6.1 Multi-Modal Embeddings
Multi-modal embeddings map different data types—text, images, audio—into a shared vector space where they can be directly compared. This enables powerful cross-modal capabilities: searching images with text queries, finding text descriptions for images, or categorizing images without any training examples.
Zero-shot categorization means assigning categories the model was never explicitly trained on—and it works through embedding similarity, not a traditional classifier. Instead of training a “sunset vs ocean vs forest” classifier, you describe categories in text (“a photo of a sunset”), embed both the text and image, and find the closest match. The model generalizes from its pre-training on millions of image-text pairs to recognize new concepts. This is sometimes called “zero-shot classification,” but the mechanism is pure embedding similarity.
The key insight is training two encoders (e.g., one for text, one for images) so that matching pairs produce similar vectors. CLIP, trained on 400 million image-text pairs from the internet, learns that “a photo of a cat” and an actual cat photo should have nearby embeddings:
"""
Multi-Modal Embeddings with CLIP: Zero-Shot Image Categorization
CLIP embeds text and images into the same 512-dimensional space.
We can categorize images by comparing them to text descriptions—
no training on the target categories required.
"""
import torch
import numpy as np
from PIL import Image
from transformers import CLIPProcessor, CLIPModel
from sklearn.metrics.pairwise import cosine_similarity
import warnings
import logging
# Suppress download progress and warnings
logging.getLogger("transformers").setLevel(logging.ERROR)
warnings.filterwarnings("ignore")
# Load CLIP model (downloads ~600MB on first run)
model = CLIPModel.from_pretrained("openai/clip-vit-base-patch32")
processor = CLIPProcessor.from_pretrained("openai/clip-vit-base-patch32", use_fast=True)
# Create test images with distinct characteristics
np.random.seed(42)
images = {
'sunset': Image.fromarray(
np.random.randint([200, 100, 50], [255, 150, 100], (224, 224, 3), dtype=np.uint8)
),
'ocean': Image.fromarray(
np.random.randint([30, 80, 150], [80, 150, 220], (224, 224, 3), dtype=np.uint8)
),
'forest': Image.fromarray(
np.random.randint([20, 80, 20], [80, 150, 80], (224, 224, 3), dtype=np.uint8)
),
}
# Text descriptions to match against
text_labels = [
"a photo of a sunset with warm orange colors",
"a photo of the ocean with blue water",
"a photo of a green forest",
]
# Preprocess: resize images and tokenize text into tensors the model expects
image_inputs = processor(images=list(images.values()), return_tensors="pt", padding=True)
text_inputs = processor(text=text_labels, return_tensors="pt", padding=True)
# torch.no_grad() disables gradient computation since we're only generating
# embeddings, not training.

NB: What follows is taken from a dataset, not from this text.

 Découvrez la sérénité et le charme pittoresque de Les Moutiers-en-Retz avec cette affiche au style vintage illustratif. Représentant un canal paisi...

This saves memory and speeds up computation.
with torch.no_grad():
# Each encoder maps its input to a 512-dim vector in the shared space
image_embeds = model.get_image_features(**image_inputs).numpy()

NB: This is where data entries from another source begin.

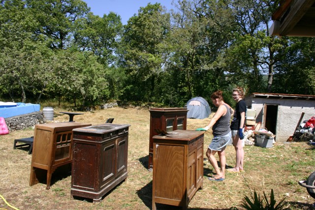 Davy, Demi en ik vertrekken zaterdagavond met een aanhanger vol keuken naar de Bergerie. De gemiddelde snelheid ligt lager gezien de zware belading. Zondagmorgen om 9:30 komen we aan. Na een lekker ontbijtje beginnen we gelijk met de eerste klussen.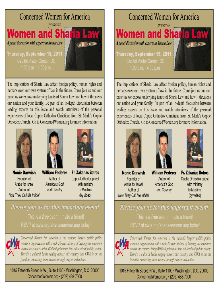 Get the free Women and Sharia Law - Concerned Women for America - cwfa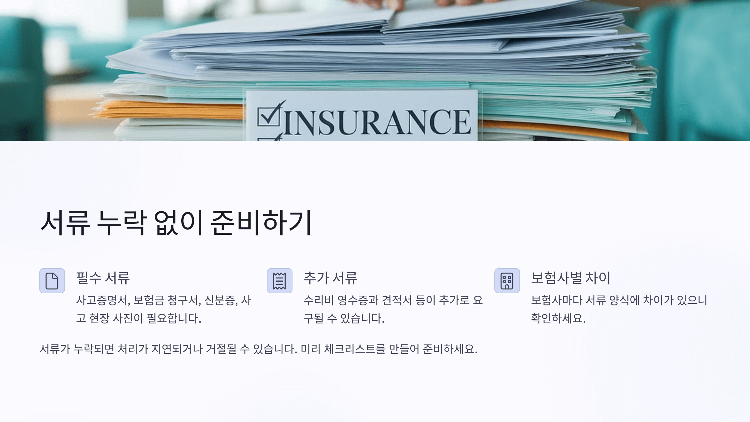 ๋‘ ๋ฒˆ์งธ๋Š” ‘์„œ๋ฅ˜ ๋ฏธ๋น„’. ์ง„๋‹จ์„œ, ์ˆ˜๋ฆฌ๊ฒฌ์ ์„œ, ๋ณ‘์›๋น„ ์˜์ˆ˜์ฆ, ์‚ฌ๊ณ  ๊ฒฝ์œ„์„œ ์ค‘ ํ•˜๋‚˜๋ผ๋„ ๋น ์ง€๋ฉด ์‹ฌ์‚ฌ ์ง€์—ฐ ๋˜๋Š” ๊ฑฐ์ ˆ์ด ๋  ์ˆ˜ ์žˆ์–ด์š”. ํ•„์ˆ˜ ์„œ๋ฅ˜ ์ฒดํฌ๋ฆฌ์ŠคํŠธ๋ฅผ ์‚ฌ์ „์— ๋งŒ๋“ค์–ด๋‘๋Š” ๊ฑธ ์ถ”์ฒœํ•ด์š”.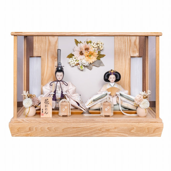 桜柄を刺繍で施した衣裳をまとったお人形に、背景は花飾りを使用した木目を活かしたお飾りです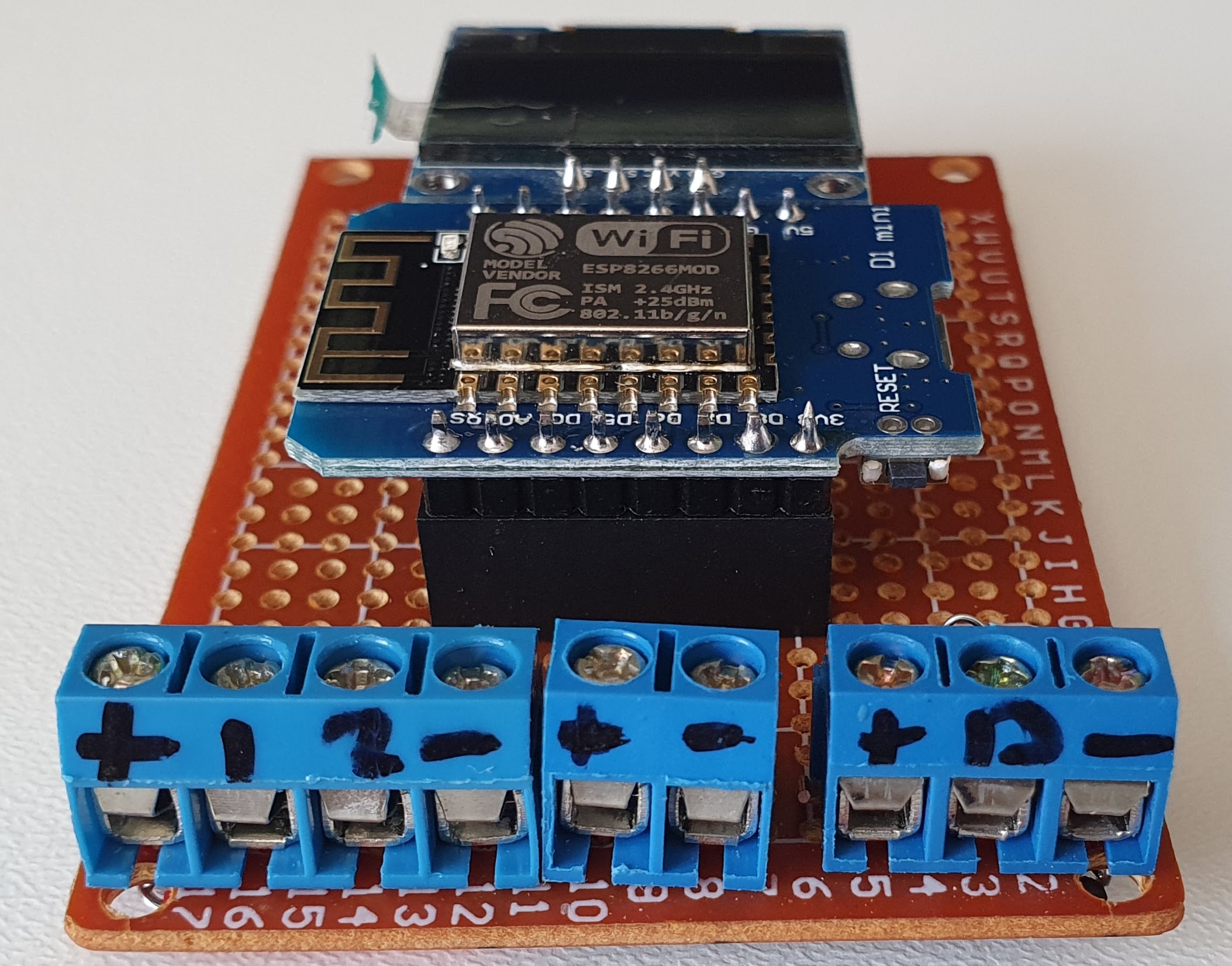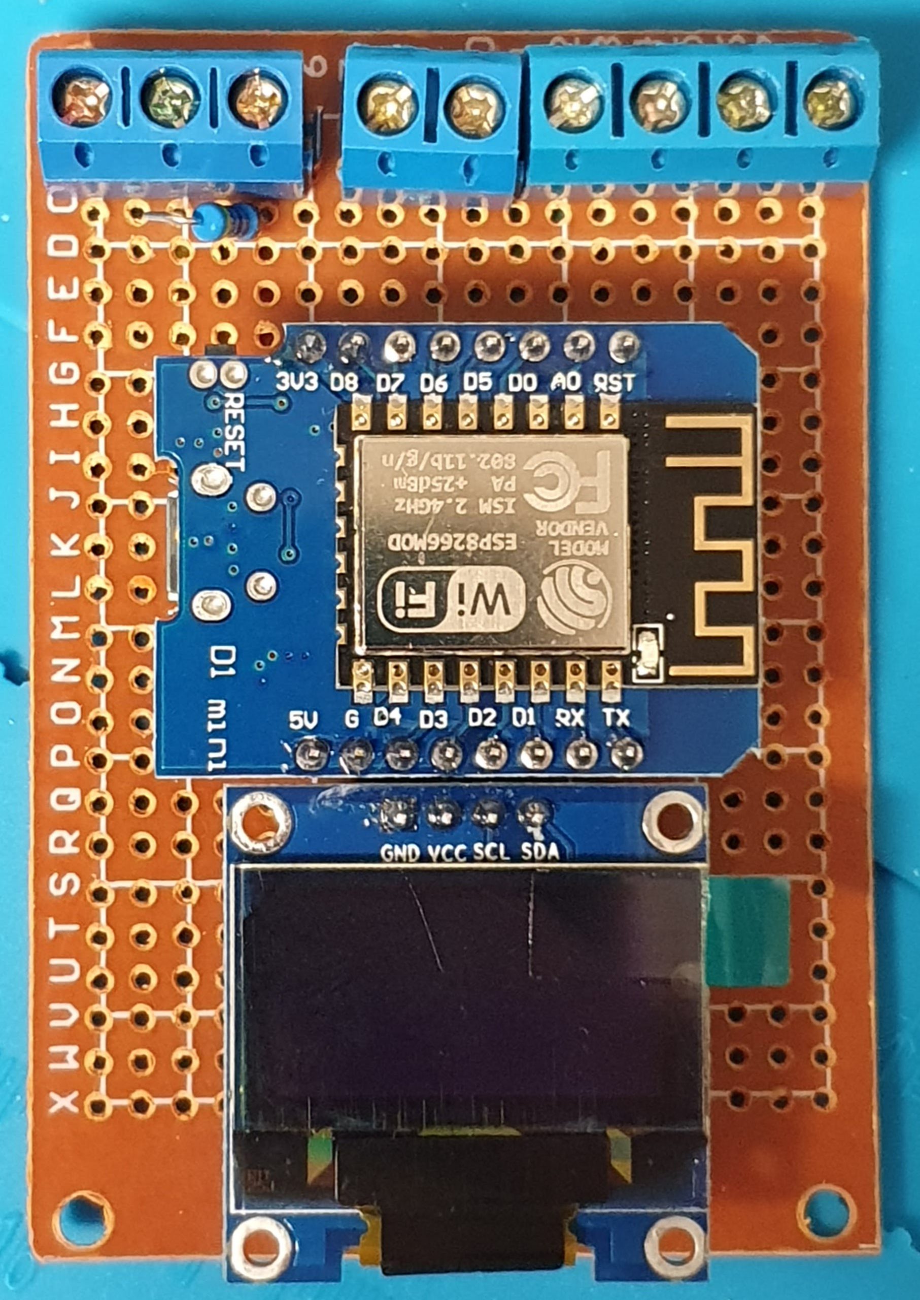 Pour me faciliter la vie lors de la connexion du bus I2C pour l’écran OLED, j’ai inversé les pins D1/D2 via le micrologiciel. Les connexions sont ainsi :

text_embeds = model.get_text_features(**text_inputs).numpy()
# Compare each image embedding to each text embedding using cosine similarity.

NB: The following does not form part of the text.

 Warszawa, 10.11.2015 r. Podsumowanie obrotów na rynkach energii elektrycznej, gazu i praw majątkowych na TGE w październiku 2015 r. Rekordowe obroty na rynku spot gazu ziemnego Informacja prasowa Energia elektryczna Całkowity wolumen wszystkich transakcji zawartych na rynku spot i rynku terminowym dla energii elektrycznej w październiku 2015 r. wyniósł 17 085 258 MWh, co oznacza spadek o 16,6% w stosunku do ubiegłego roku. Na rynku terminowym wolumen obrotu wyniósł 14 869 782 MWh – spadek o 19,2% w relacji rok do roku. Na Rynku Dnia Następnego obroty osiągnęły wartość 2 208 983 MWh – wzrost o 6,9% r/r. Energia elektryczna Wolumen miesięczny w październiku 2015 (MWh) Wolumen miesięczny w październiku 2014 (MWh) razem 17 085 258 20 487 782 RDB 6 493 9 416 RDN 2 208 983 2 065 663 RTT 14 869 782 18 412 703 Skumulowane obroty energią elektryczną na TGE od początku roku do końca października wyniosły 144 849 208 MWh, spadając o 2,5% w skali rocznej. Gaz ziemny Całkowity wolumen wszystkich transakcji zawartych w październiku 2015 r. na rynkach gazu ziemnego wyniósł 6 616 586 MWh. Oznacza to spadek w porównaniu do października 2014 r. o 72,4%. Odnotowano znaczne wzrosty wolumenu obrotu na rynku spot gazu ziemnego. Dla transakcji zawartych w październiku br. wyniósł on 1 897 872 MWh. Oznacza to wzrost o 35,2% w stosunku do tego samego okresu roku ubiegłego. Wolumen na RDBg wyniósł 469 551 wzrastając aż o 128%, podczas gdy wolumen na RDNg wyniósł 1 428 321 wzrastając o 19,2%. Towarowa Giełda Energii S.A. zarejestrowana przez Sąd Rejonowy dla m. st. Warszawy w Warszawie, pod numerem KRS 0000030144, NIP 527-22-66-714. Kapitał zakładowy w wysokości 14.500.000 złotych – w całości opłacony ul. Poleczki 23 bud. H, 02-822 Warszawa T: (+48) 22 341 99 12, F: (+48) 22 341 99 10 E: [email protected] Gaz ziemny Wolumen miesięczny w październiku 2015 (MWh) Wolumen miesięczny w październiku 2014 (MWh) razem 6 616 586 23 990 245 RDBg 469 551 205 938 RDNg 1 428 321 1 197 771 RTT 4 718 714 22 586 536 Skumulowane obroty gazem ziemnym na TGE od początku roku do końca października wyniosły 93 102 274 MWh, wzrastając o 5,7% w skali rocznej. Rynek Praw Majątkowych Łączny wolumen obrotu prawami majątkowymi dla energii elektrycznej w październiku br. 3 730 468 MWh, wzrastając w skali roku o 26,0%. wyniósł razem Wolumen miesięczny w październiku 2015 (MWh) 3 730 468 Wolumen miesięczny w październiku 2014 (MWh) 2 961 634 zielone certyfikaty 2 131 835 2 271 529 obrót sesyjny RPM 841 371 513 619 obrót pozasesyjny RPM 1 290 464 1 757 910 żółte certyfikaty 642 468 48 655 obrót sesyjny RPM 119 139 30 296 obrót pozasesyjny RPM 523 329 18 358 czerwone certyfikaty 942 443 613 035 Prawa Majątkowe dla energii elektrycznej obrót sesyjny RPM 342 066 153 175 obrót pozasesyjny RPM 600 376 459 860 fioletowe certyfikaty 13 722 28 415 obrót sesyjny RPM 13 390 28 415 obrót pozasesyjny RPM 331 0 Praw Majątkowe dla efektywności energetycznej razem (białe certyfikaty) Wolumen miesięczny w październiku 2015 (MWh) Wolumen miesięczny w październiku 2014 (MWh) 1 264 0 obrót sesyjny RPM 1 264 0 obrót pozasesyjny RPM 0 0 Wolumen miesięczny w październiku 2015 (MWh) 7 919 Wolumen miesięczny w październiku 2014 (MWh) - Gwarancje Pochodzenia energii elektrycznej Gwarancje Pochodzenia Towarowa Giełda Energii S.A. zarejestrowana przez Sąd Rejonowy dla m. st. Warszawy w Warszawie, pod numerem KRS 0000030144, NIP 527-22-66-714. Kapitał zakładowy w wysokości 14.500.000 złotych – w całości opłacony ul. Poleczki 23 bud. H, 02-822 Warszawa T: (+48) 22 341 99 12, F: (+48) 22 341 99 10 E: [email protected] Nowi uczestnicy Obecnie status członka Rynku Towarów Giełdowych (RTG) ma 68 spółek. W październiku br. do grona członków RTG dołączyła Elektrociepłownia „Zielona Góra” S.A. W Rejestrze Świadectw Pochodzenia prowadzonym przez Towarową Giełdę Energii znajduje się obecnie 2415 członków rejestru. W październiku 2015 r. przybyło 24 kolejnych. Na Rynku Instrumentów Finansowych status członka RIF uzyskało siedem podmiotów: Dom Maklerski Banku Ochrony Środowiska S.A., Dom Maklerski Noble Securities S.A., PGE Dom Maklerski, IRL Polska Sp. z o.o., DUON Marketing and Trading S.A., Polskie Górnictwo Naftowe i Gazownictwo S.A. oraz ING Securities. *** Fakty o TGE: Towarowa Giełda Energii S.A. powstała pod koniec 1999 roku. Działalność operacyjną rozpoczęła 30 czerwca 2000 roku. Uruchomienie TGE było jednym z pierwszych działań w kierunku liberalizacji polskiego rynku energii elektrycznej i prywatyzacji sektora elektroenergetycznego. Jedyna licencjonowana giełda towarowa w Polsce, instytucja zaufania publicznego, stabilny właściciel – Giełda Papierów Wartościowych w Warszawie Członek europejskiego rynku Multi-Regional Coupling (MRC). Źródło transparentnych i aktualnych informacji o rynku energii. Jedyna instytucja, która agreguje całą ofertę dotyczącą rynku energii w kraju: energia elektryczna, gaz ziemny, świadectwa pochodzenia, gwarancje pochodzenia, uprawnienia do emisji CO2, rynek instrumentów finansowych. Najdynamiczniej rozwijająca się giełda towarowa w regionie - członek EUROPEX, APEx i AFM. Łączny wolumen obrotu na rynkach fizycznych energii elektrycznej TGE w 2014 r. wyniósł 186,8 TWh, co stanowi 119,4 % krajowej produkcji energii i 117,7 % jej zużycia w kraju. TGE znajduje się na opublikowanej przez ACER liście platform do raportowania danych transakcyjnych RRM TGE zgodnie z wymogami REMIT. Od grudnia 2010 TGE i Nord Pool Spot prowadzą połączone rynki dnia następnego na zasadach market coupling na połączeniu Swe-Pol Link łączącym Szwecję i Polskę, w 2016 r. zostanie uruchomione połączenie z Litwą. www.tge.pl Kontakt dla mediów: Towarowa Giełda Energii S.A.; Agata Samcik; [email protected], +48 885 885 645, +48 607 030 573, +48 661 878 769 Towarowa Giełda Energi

# High similarity = the image and text describe the same concept.
similarities = cosine_similarity(image_embeds, text_embeds)
# Zero-shot = categorize without training on these specific categories
# We compare image embeddings to text embeddings and pick the closest match
print("Zero-shot categorization: matching images to text descriptions\n")
print(f"Embedding dimension: {image_embeds.shape[1]}\n")
for i, img_name in enumerate(images.keys()):
best_match = text_labels[similarities[i].argmax()]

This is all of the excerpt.